:: Data extract ::
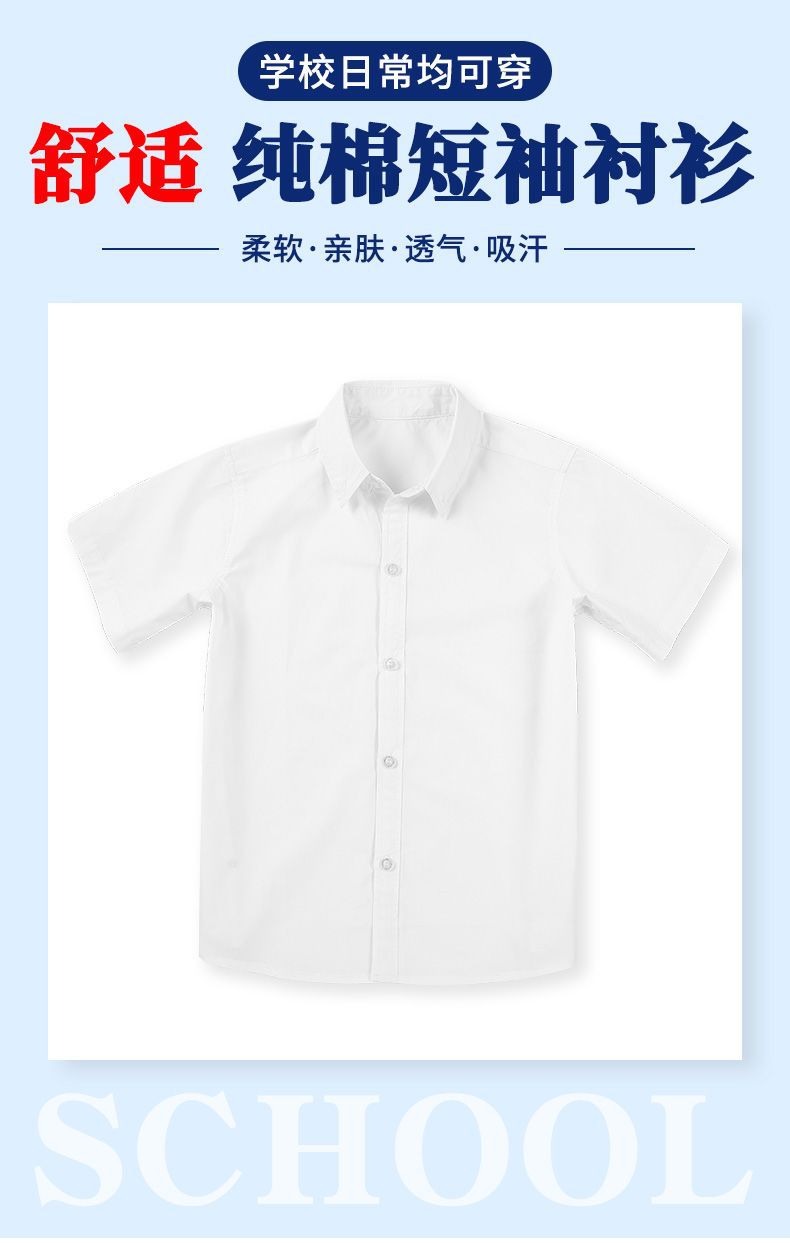 소년 반팔 흰 셔츠 초등학생을위한 어린이 흰색 셔츠 교복 순수 면화 원피스 소년 여름 큰 아이들 여름 남자스토어 가기
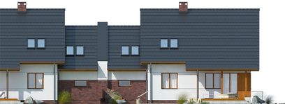 Graficzne opracowanie rzutów poglądowych widocznych na karcie projektu zostało wykonane przez Extradom.pl. Prezentowane przez Extradom.pl wizualizacje wykonane zostały przez autora projektu i należy poczytywać je jedynie za przykład i propozycję wykończenia, wizję architektoniczną autora projektu. Ostateczne wykończenie budynku może nastąpić na wiele sposobów. Szczegółowe rozwiązania zastosowane w oferowanej dokumentacji - w tym również ilość, lokalizacje i wygląd okien, drzwi, kominów - mogą w niewielkim stopniu różnić się od prezentowanej wizualizacji budynku.
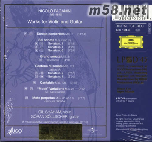 PAGANINI FOR TWO WORK FOR VIOLIN AND GUITAR 帕格尼尼 小提琴與吉它合奏LPCD(m58.net)
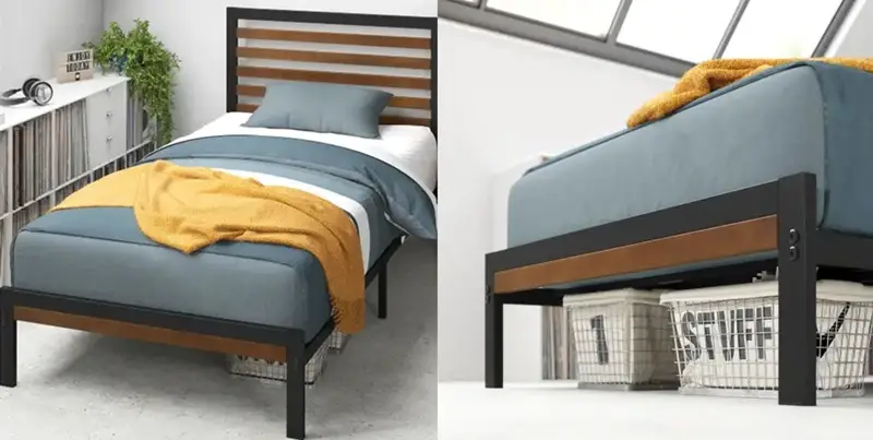 Rangka besi memberikan kesan vintage dan tahan lama. Tempat tidur ini cocok untuk kamar anak hingga kamar tamu yang ingin tampil beda. Sebagai pilihan, ada Zinus Kai DIY Bed In a Box yang memiliki ukuran 100×200. Tempat tidur bergaya industrial ini terbuat dari kombinasi rangka besi dengan aksen kayu bernuansa alami.
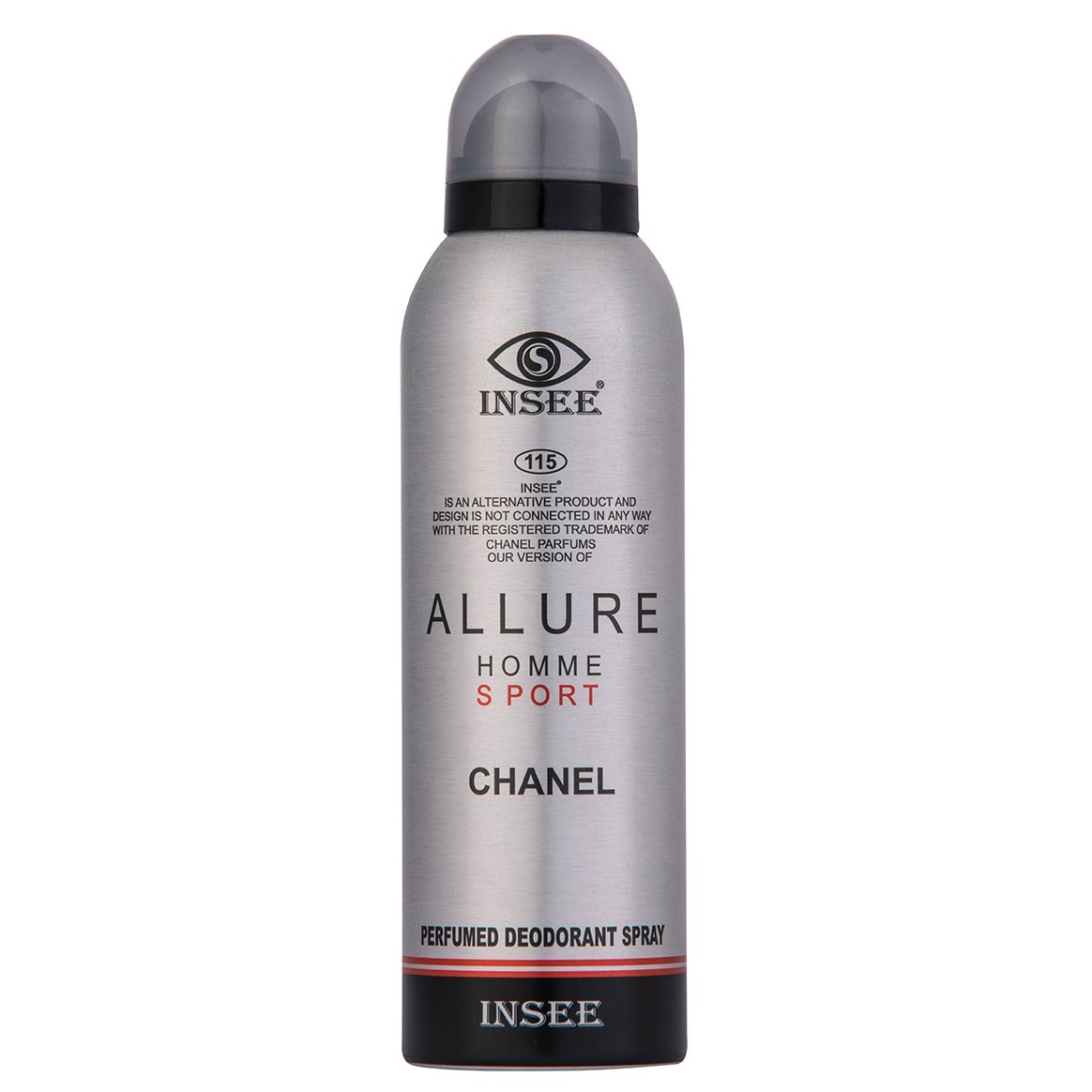 اسپری دئودورانت و خوشبوکننده مردانه برند این سی مدل آلور هوم اسپرت دارای رایحه ی عطر Allure Homme Sport از برند شانل می باشد. اسپری های خوش بو کننده بدن اینسی برای مدت طولانی بدن شما را کاملا معطر و خوش بو نگه می دارد. همچنین موجب ایجاد لکه بر روی لباس ها نمی گردد. رایحه ی این اسپری را وانیل، دانه تونکا، کهربا، مشک، وتیفور و بهارنارنج تشکیل می دهد.
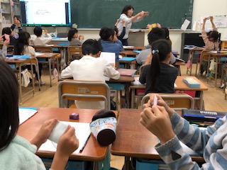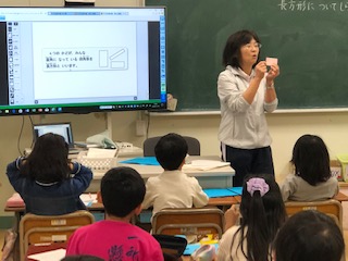 「長方形について調べよう!」の学びです!手元にある折り紙を使って、向かい合う辺の長さについて調べます!どうしたら比べられるのかを子どもたちは考えます!折って重ねる!そろえたら同じみたい!と隣の人や近くの人と学び合います!わかった人は困っている人に伝える!「人に伝える」と学習定着率は跳ね上がります!どんどん学び合いましょう!
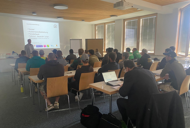 Der Sachverständige Alexander Lange referierte mit vielen Praxisbeispielen über Außenwandbekleidungen, Fensteranschluss und Sockelabdichtung.
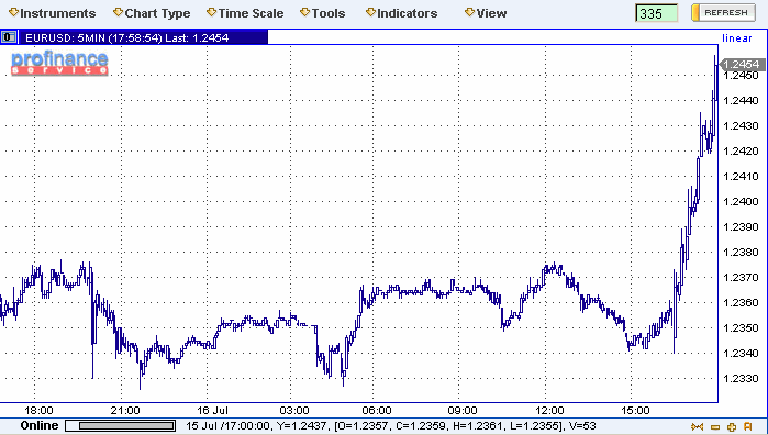 Евро только что достиг новой максимальной отметки $ 1.2445, поскольку сработали стопы выше $ 1.2420. Разговоры указывают на стопы в области $ 1.2450, но дилеры напоминают также об опционном барьере на том уровне. Что интересно, он истекает сегодня в 10.00 по восточному времени. Дальнейшее экспирация касается уже опциона на $ 1.2500. Дилеры отмечают, что доллар находится под влияние негативной статистики. CPI указывает в пользу сохранении в заявлении ФРС фразы о "соразмеренном" повышении ставок, а приток иностранного капитала в США в мае существенно упал, в частности, из-за того, что Банк Японии больше не покупает доллары для поддержания низкого курса йены. Интересно также отметить и то, что некоторые дилеры указали на продажи евро со стороны real-money accounts как раз в тот момент, когда исполнялись стопы. После выхода предварительного индекса потребительской активности Мичиганского университета, который в июле составил 96 пунктов против 95.6 в июне и прогноза в 97, курс доллара возобновил снижение. Американская валюта теряет и против других своих конкурентов. Так, йена выросла более чем на фигуру до 108.67, а фунт достиг максимума с начала марта - 1.8728.
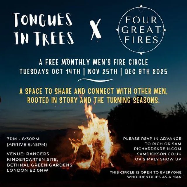 Rich and Tongues in Trees are proud to partner with the good people at Four Great Fires to offer this monthly Mens Group - a free monthly gathering around a fire in the heart of London. It is a space for men to share and connect, rooted in story and the turning seasons. To join us or for more info, get in touch here. See you around the fire…
:::
▶ **Task to carry out**
Return all the lines above exactly; none of the pictures should appear.

▶ **Result**
 소년 반팔 흰 셔츠 초등학생을위한 어린이 흰색 셔츠 교복 순수 면화 원피스 소년 여름 큰 아이들 여름 남자스토어 가기
 Graficzne opracowanie rzutów poglądowych widocznych na karcie projektu zostało wykonane przez Extradom.pl. Prezentowane przez Extradom.pl wizualizacje wykonane zostały przez autora projektu i należy poczytywać je jedynie za przykład i propozycję wykończenia, wizję architektoniczną autora projektu. Ostateczne wykończenie budynku może nastąpić na wiele sposobów. Szczegółowe rozwiązania zastosowane w oferowanej dokumentacji - w tym również ilość, lokalizacje i wygląd okien, drzwi, kominów - mogą w niewielkim stopniu różnić się od prezentowanej wizualizacji budynku.
 PAGANINI FOR TWO WORK FOR VIOLIN AND GUITAR 帕格尼尼 小提琴與吉它合奏LPCD(m58.net)
 Rangka besi memberikan kesan vintage dan tahan lama. Tempat tidur ini cocok untuk kamar anak hingga kamar tamu yang ingin tampil beda. Sebagai pilihan, ada Zinus Kai DIY Bed In a Box yang memiliki ukuran 100×200. Tempat tidur bergaya industrial ini terbuat dari kombinasi rangka besi dengan aksen kayu bernuansa alami.
 اسپری دئودورانت و خوشبوکننده مردانه برند این سی مدل آلور هوم اسپرت دارای رایحه ی عطر Allure Homme Sport از برند شانل می باشد. اسپری های خوش بو کننده بدن اینسی برای مدت طولانی بدن شما را کاملا معطر و خوش بو نگه می دارد. همچنین موجب ایجاد لکه بر روی لباس ها نمی گردد. رایحه ی این اسپری را وانیل، دانه تونکا، کهربا، مشک، وتیفور و بهارنارنج تشکیل می دهد.
 「長方形について調べよう!」の学びです!手元にある折り紙を使って、向かい合う辺の長さについて調べます!どうしたら比べられるのかを子どもたちは考えます!折って重ねる!そろえたら同じみたい!と隣の人や近くの人と学び合います!わかった人は困っている人に伝える!「人に伝える」と学習定着率は跳ね上がります!どんどん学び合いましょう!
 Der Sachverständige Alexander Lange referierte mit vielen Praxisbeispielen über Außenwandbekleidungen, Fensteranschluss und Sockelabdichtung.
 Евро только что достиг новой максимальной отметки $ 1.2445, поскольку сработали стопы выше $ 1.2420. Разговоры указывают на стопы в области $ 1.2450, но дилеры напоминают также об опционном барьере на том уровне. Что интересно, он истекает сегодня в 10.00 по восточному времени. Дальнейшее экспирация касается уже опциона на $ 1.2500. Дилеры отмечают, что доллар находится под влияние негативной статистики. CPI указывает в пользу сохранении в заявлении ФРС фразы о "соразмеренном" повышении ставок, а приток иностранного капитала в США в мае существенно упал, в частности, из-за того, что Банк Японии больше не покупает доллары для поддержания низкого курса йены. Интересно также отметить и то, что некоторые дилеры указали на продажи евро со стороны real-money accounts как раз в тот момент, когда исполнялись стопы. После выхода предварительного индекса потребительской активности Мичиганского университета, который в июле составил 96 пунктов против 95.6 в июне и прогноза в 97, курс доллара возобновил снижение. Американская валюта теряет и против других своих конкурентов. Так, йена выросла более чем на фигуру до 108.67, а фунт достиг максимума с начала марта - 1.8728.
 Rich and Tongues in Trees are proud to partner with the good people at Four Great Fires to offer this monthly Mens Group - a free monthly gathering around a fire in the heart of London. It is a space for men to share and connect, rooted in story and the turning seasons. To join us or for more info, get in touch here. See you around the fire…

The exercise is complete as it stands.